■ INSTRUCTIONS TO FOLLOW ■
For the entries that follow, retype exactly the lines from the one containing "Mienoumi Tsuyoshi is" to the one containing "Der Zeitungsartikel dazu folgt separat. |", inclusive, and only those. Images stay out of the copy.
-------- DATA TO USE --------
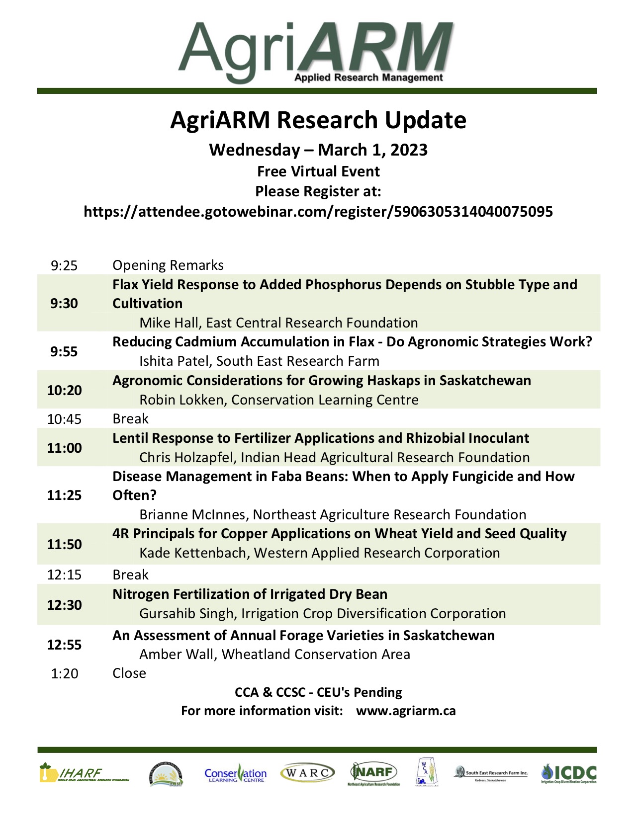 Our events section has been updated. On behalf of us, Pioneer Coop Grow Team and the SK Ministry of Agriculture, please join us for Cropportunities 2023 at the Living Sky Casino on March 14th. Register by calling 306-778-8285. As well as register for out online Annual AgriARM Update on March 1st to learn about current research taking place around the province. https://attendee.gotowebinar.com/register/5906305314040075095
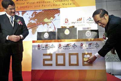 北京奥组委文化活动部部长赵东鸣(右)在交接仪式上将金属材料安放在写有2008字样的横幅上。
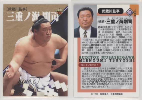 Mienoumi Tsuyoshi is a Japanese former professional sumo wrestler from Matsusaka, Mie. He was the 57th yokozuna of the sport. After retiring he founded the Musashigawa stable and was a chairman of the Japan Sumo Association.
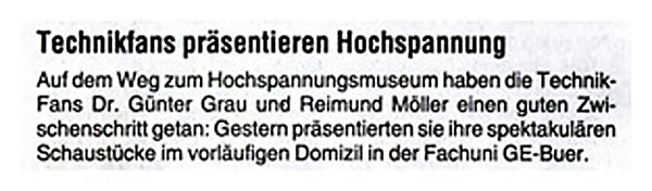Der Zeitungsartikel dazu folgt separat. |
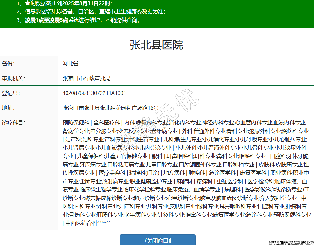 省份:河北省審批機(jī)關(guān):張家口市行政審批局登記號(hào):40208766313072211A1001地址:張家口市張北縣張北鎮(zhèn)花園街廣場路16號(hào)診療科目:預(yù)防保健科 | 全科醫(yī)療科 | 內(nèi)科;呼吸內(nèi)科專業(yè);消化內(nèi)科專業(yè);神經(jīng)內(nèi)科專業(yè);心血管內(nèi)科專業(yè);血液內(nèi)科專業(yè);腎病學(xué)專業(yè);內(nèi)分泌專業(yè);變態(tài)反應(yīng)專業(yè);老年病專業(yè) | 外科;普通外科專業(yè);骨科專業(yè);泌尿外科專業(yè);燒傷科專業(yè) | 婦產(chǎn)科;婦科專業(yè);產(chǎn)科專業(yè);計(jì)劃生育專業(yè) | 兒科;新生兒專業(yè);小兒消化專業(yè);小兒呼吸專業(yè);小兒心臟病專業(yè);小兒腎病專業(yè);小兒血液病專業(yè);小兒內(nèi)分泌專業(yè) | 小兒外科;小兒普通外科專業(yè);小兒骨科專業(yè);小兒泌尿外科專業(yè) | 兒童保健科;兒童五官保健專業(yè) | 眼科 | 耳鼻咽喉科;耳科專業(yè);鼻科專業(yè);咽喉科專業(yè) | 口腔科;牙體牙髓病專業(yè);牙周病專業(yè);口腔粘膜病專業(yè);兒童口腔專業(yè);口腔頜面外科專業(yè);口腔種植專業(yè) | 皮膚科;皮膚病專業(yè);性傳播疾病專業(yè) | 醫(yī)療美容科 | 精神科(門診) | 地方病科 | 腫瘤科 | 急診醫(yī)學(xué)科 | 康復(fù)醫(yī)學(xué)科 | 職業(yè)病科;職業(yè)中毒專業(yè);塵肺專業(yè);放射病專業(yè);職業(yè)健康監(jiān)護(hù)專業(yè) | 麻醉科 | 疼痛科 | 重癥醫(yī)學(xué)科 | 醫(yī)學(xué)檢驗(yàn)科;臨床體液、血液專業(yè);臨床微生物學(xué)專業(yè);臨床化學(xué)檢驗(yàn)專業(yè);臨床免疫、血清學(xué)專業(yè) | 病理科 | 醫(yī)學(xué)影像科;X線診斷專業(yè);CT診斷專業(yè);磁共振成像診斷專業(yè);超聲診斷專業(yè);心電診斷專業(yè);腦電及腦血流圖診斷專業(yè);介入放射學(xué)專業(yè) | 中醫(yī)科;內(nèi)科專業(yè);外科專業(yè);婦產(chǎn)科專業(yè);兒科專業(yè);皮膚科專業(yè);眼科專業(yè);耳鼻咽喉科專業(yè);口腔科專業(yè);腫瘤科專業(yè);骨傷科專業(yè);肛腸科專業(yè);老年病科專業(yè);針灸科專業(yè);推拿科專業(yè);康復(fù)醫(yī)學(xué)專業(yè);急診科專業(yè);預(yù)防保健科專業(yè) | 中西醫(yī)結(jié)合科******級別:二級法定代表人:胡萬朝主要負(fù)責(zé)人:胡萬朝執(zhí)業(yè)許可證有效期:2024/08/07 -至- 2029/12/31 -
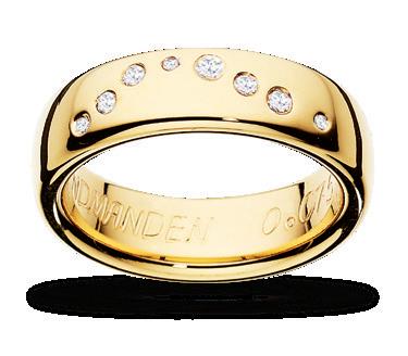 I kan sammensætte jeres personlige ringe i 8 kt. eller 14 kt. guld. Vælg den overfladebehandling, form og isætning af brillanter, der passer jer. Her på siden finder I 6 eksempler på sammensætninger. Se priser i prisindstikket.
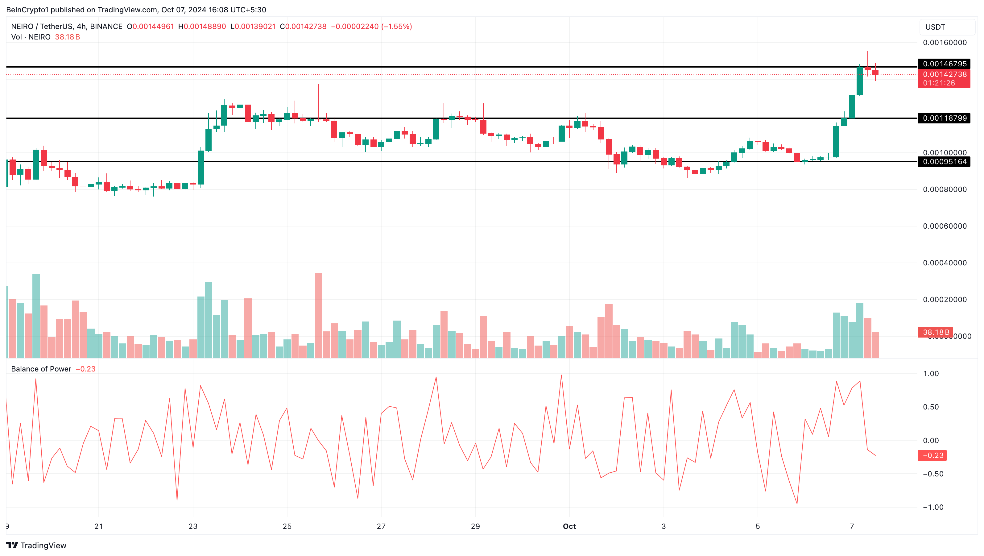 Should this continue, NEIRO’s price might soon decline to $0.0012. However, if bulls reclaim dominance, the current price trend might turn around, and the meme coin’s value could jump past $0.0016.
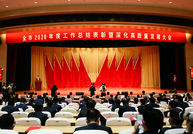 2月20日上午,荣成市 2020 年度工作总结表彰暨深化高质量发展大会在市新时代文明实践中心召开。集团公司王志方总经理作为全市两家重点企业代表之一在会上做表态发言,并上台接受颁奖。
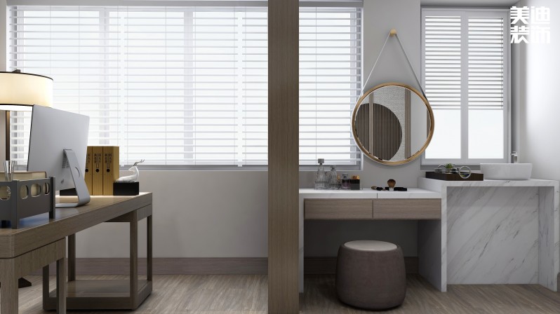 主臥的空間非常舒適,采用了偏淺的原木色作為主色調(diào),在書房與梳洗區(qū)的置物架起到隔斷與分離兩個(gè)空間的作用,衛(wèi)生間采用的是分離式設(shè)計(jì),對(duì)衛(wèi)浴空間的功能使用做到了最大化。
--------
-------- DATA TO USE --------
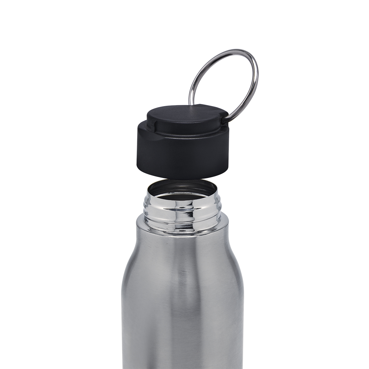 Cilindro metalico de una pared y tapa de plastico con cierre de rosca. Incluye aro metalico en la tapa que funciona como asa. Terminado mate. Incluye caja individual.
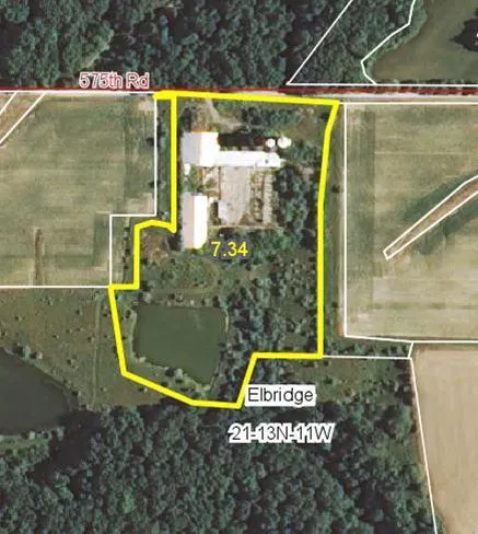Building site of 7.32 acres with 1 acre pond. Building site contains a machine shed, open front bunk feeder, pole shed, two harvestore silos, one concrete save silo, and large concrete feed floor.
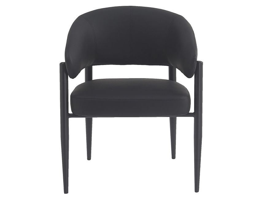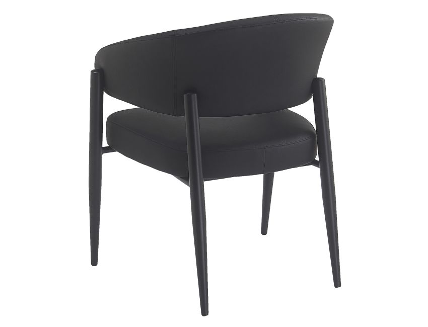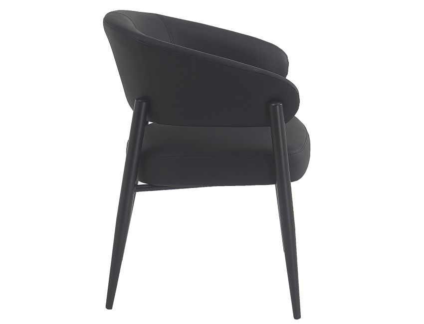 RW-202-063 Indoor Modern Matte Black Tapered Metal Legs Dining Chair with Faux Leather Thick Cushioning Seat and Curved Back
--------
■ TASK SOLUTION ■
 Mienoumi Tsuyoshi is a Japanese former professional sumo wrestler from Matsusaka, Mie. He was the 57th yokozuna of the sport. After retiring he founded the Musashigawa stable and was a chairman of the Japan Sumo Association.
Der Zeitungsartikel dazu folgt separat. |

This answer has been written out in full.